Saturday, 25 March 2017

Theories of Surplus Value, Part I, Chapter 4 - Part 19

6. Advocates of Smith’s Views on Productive Labour. On the History of the Subject

(a) Advocates of the First View: Ricardo, Sismondi

Both Sismondi and Ricardo accepted Smith's first correct definition of productive labour as that which exchanges with capital. Sismondi writes,

““The one always exchanges its labour against the capital of a nation; the other always exchanges it against a part of the national revenue.”” (p 177)

Ricardo also argues that it is better for workers if capitalists and landlords spend their revenue on hiring “unproductive labourers” than that they spend it on the purchase of luxury commodities. If they buy the latter then, once these commodities have been consumed “and there would be an end of them”, no more labour would be employed. However, Ricardo continues, if the revenue were spent on hiring menial servants, this would increase the demand for labour. 

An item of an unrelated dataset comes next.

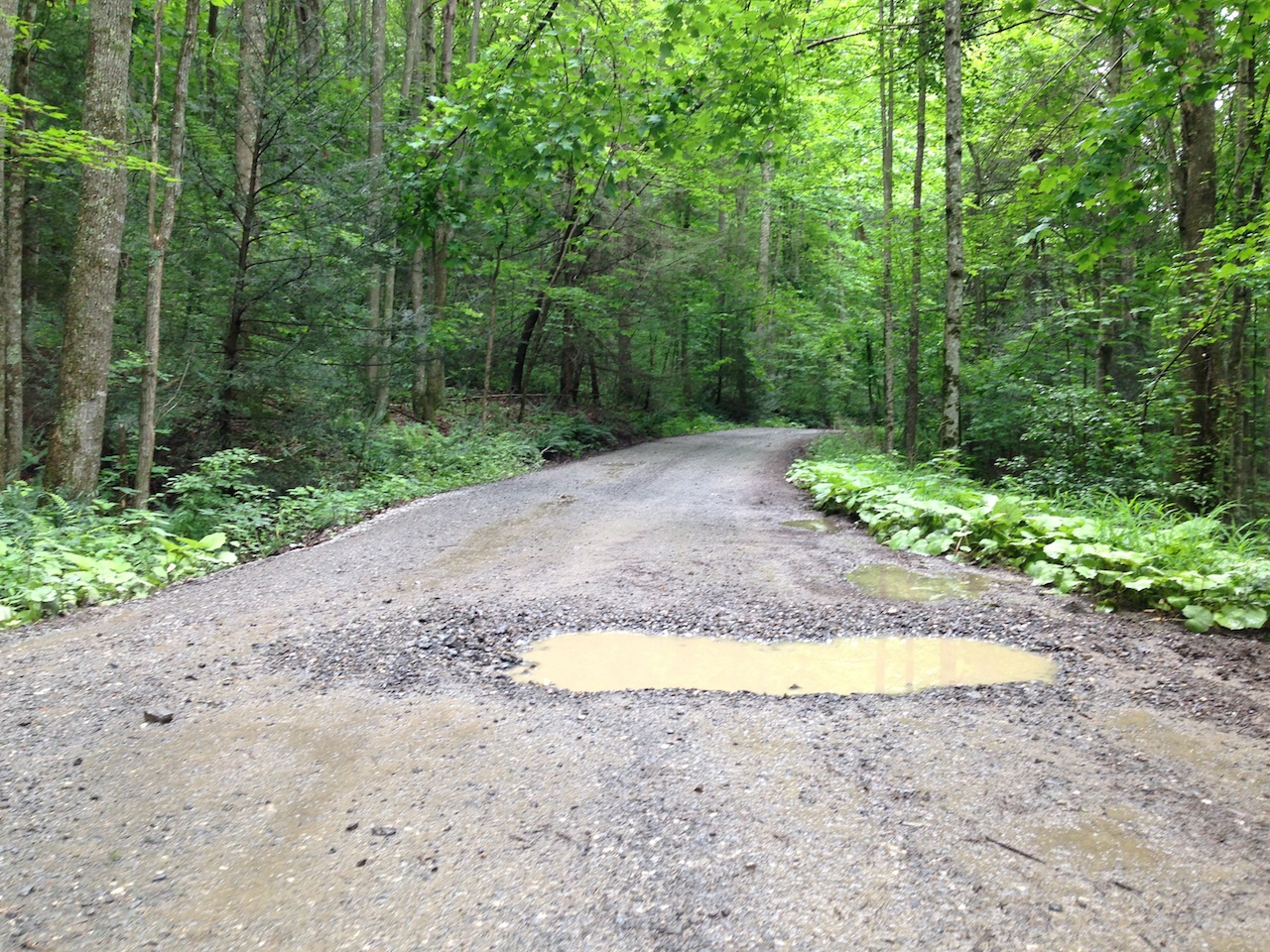 I was talking to a guest and he was going on about what a great area the Gorge is, how much he liked the cabins, how private and peaceful it was, and how great restaurants in Fayetteville were. And then he asked, “Why don’t you fix the road?”
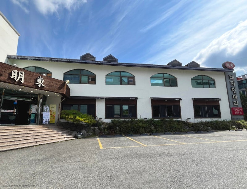 명동돼지한마리는 대구 수성구에 위치해 있어요. 이곳은 대구의 중심가에서 조금 떨어진 곳에 있지만, 그만큼 조용하고 아늑한 분위기를 자랑해요. 식당 외관은 깔끔하고 현대적인 느낌을 주며, 큰 아치형 창문이 인상적이에요.

“As the labourers, then, are interested in the demand for labour, they must naturally desire that as much of the revenue as possible should be diverted from expenditure on luxuries, to be expended in the support of menial servants” ([David ] Ricardo, [On the] Principles [of Political Economy, and Taxation,] third edition, [London,] 1821, pp. 475-76).” (p 177)

Marx does not challenge this view here, but its not at all clear that Ricardo is correct in this argument, for the reasons Marx has set out previously. If revenue is spent simply on hiring a cook, to prepare a meal for me then once I have spent that money it is gone. It is not reproduced. Unless I have some more revenue I have no means of employing the cook to produce further meals. The commodity they supply, the service of cooking a meal, has gone just as much as is any other commodity I buy, such as some luxury clothes. Ricardo does not seem to take into consideration that in buying say an expensive suit, this too created a demand for labour as with hiring a cook.

The tailor is added labour here, as is the labour of the weaver, who produces the cloth, the spinner who produces the yarn, the farmer who produces the cotton or wool, the machine maker who produces the loom, and the spinning machines and so on.

All of this additional labour is demanded because the revenue is expended upon buying a suit, which increases the demand for all these other commodities, and the labour required for their production. In hiring the menial servant, the revenue merely enables that worker to reproduce their labour-power, but adds nothing to capital accumulation. However, in buying a luxury suit, the revenue enables the surplus value of the tailor to be realised, so that his capital can be expanded. This expansion of capital thereby creates the condition not only for the existing labour to be reproduced, but for a demand for additional labour to be created.